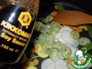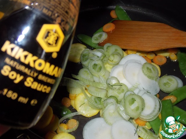 • Влить 1ст. л. соевого соуса, добавить щепотку соли и перца.
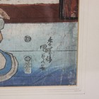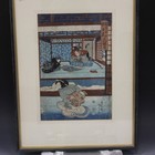 Utagawa Kunisada (1786-1865) - a Japanese polychrome woodblock oban print depicting an interior scene with seated samurai and two maidens, approx 36cm x 24.5cm, framed and glazed.
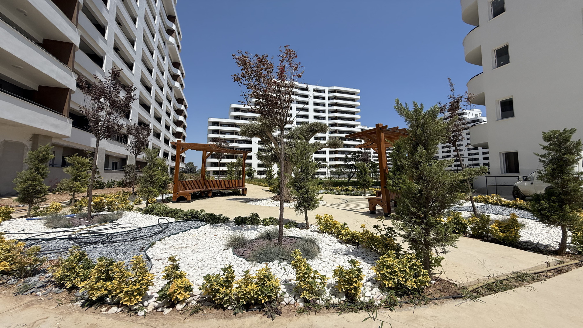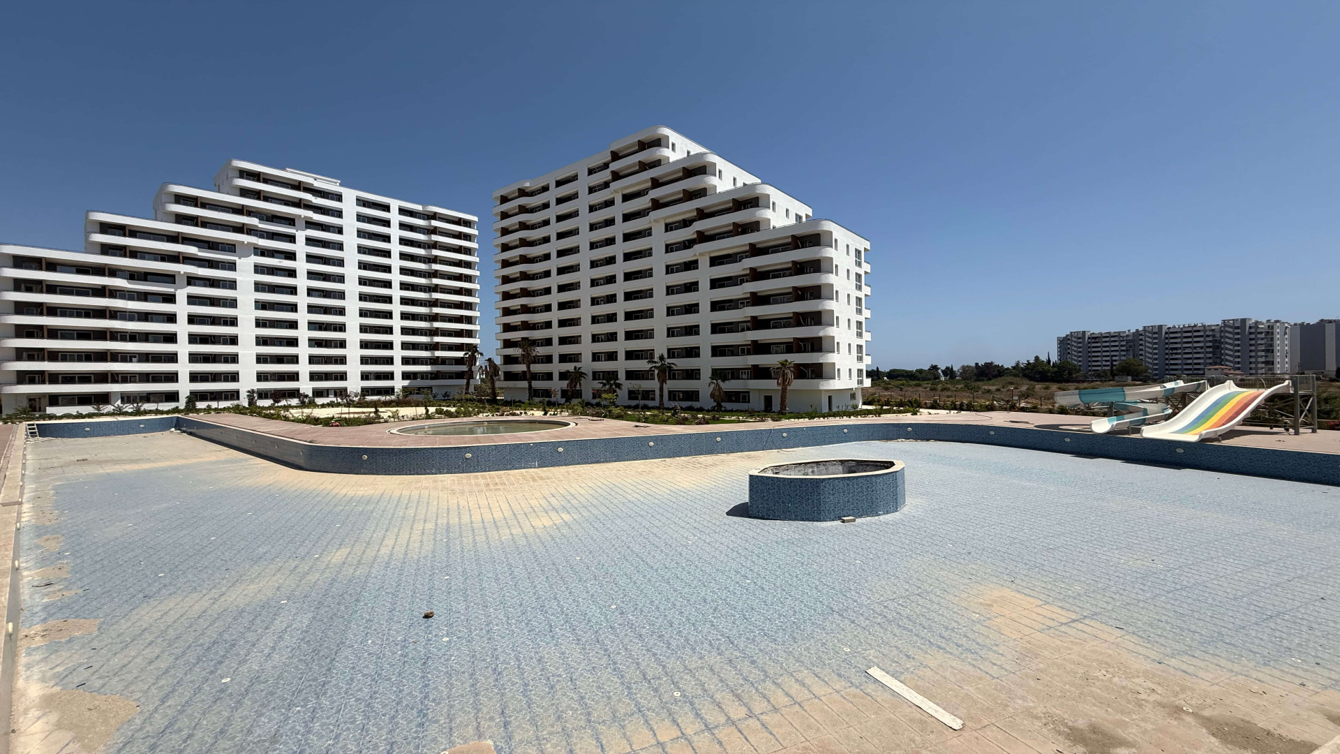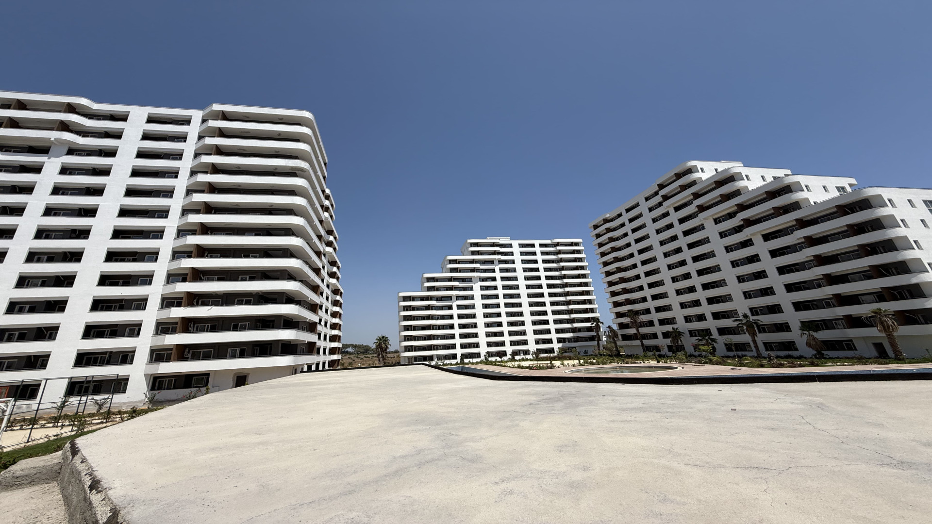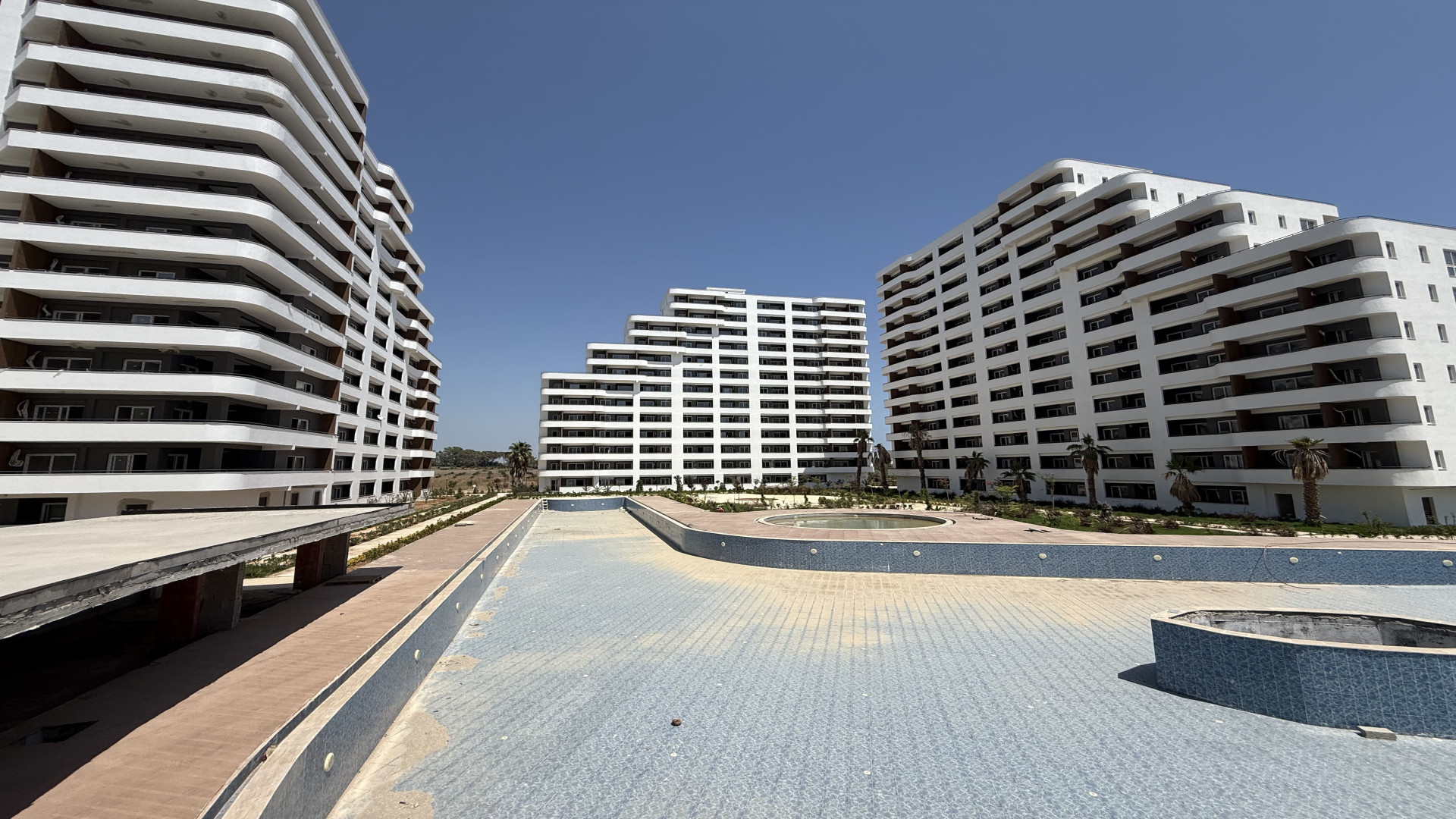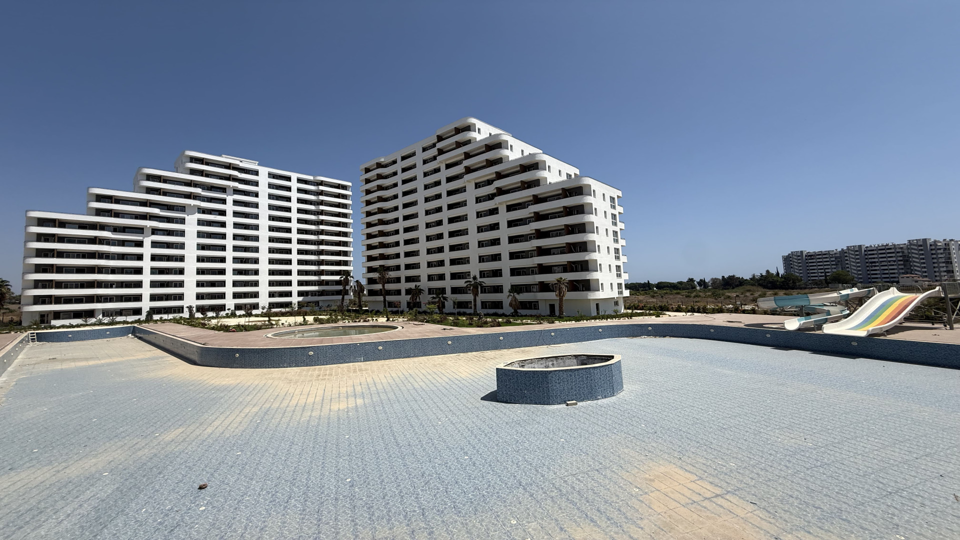 Tömük/Erdemli'de, 15 katlı binanın 3. katında 70 m² brüt (50 m² net) 1+1 daire. Cephe: güney ve batı. Isıtma: doğalgaz kombi. Yeni bina. Hamam ve sauna mevcut.
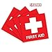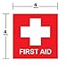 BOLD SIGN AND CLEAR GRAPHICS Super bold fonts, and simple graphics to reach an eye catching and high impact communication, this highly visible medical signs make your First Aid Kit message is hard to miss. These 4" x 4" inches sticker with crisp clean lines, white letters on red background maximizing visibility in any surface.

= = =

Task prompt: Give back the full listing exactly as written, only without its pictures.

Reply:
 • Влить 1ст. л. соевого соуса, добавить щепотку соли и перца.
 Utagawa Kunisada (1786-1865) - a Japanese polychrome woodblock oban print depicting an interior scene with seated samurai and two maidens, approx 36cm x 24.5cm, framed and glazed.
 Tömük/Erdemli'de, 15 katlı binanın 3. katında 70 m² brüt (50 m² net) 1+1 daire. Cephe: güney ve batı. Isıtma: doğalgaz kombi. Yeni bina. Hamam ve sauna mevcut.
 BOLD SIGN AND CLEAR GRAPHICS Super bold fonts, and simple graphics to reach an eye catching and high impact communication, this highly visible medical signs make your First Aid Kit message is hard to miss. These 4" x 4" inches sticker with crisp clean lines, white letters on red background maximizing visibility in any surface.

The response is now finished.